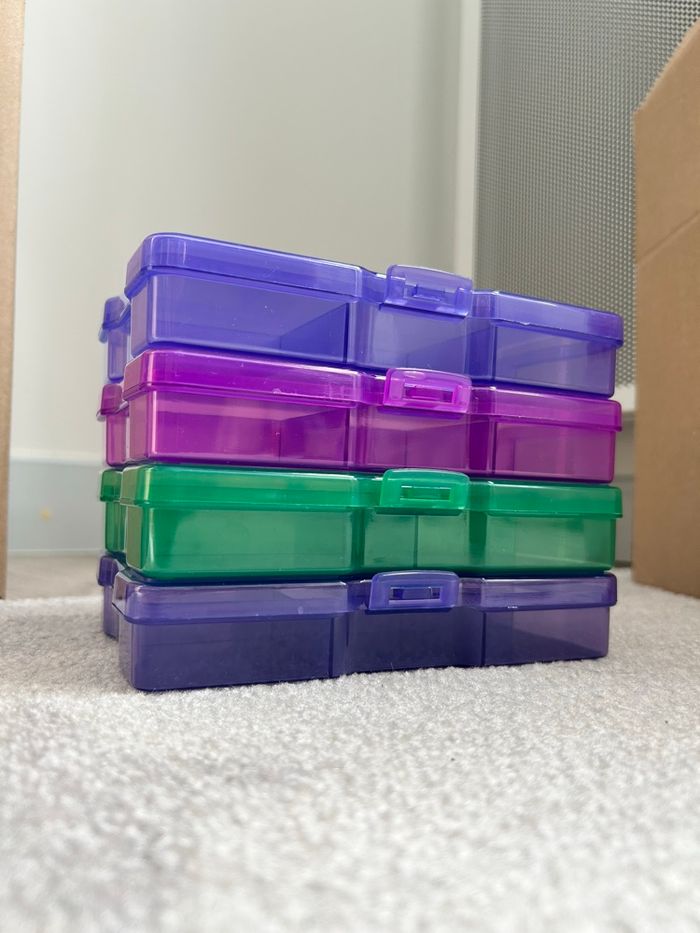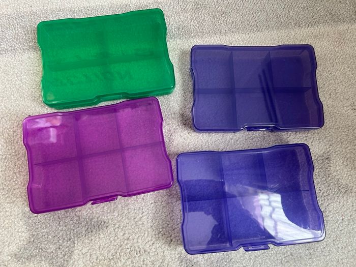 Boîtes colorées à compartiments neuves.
════════════════
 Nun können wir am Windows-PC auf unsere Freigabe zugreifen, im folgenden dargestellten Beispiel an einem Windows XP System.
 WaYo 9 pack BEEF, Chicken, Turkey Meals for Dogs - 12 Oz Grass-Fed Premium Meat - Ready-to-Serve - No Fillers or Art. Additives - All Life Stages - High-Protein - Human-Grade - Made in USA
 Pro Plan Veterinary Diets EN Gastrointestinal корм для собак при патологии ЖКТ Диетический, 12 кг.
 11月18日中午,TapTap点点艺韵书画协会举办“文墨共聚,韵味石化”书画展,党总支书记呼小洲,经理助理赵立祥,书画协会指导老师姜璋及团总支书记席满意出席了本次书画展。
════════════════
▶ [To do] In the listing above, the lines from the one containing "Pro Plan Veterinary" through the one containing "11月18日中午,TapTa" must be set down exactly, with no other lines.

▶ [Task output]
 Pro Plan Veterinary Diets EN Gastrointestinal корм для собак при патологии ЖКТ Диетический, 12 кг.
 11月18日中午,TapTap点点艺韵书画协会举办“文墨共聚,韵味石化”书画展,党总支书记呼小洲,经理助理赵立祥,书画协会指导老师姜璋及团总支书记席满意出席了本次书画展。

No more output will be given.